The quintessential-but-edgy LA boulevard, is named after a developer who did amazing things for Venice’s urban grid, but its the iridescent skyline and happenings that occur here, which define its ‘cool’ status.

Once a month, Abbot Kinney basically transforms into the Neighbourgoods Market/Farmers Market on steroids – with food trucks (serving everything from Vietnamese food to gourmet doughnuts – a global festival of flavor) lining the entire street, and entertainment spilling in and out of side streets and stores too.

There are many a budding boutiques making a home on this laidback street, hipster galleries showcasing local creatives works, and new age eateries tantalising Instagram-loving hoards with disposable income burning a hole in their pockets.

I enjoyed searching for gifts, weird knick-knacks, native beauty offerings, and antiques, amid their boho stores (like A+R) and boutique spas.

One of the startling things about this boulevard, is how small many shops (like The Cruiser Collection and Jack Spade) appear, yet if you head in, you’ll find a whole oasis sequestered from the rest of the bustle on the streets.

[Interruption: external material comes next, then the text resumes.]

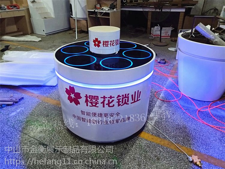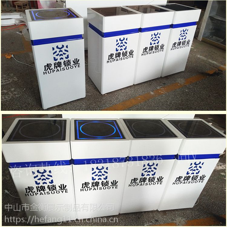 长沙豪力士云智能家用防盗门锁 木质白色烤漆指纹锁展示柜方形展示台

I shopped a little(I’ve yet to unveil the ltd edition sneakers I got, from Waraku), and then developed the mother of all hunger pangs, before I headed to the ‘No Photos Allowed’ restaurant Gjelina (click for review) – headed by noted LA chef Travis Lett, and favoured among many celebrities like Lenny Kravitz and Drake.

If you finish dinner at Gjelina, or any of the many restaurants and cafes dotting Abbot Kinney, then take a safe nighttime stroll – maybe smoking some legal California cannabis at a newly opened kushy spot(1300 block of Abbot Kinney Boulevard), or pumping yourself up with some Kombucha drinks.

Take in intricate street art, or get high off sound (yeah, that’s a thing here) – there are no limits to how much things visitors could seek enjoyment from.

Los Angeles is truly amazing, and its boundaries are hella porous – spilling out large expanses of beautiful spaces occupied by interesting people.

I’m such a fan, and I cant wait to show you more!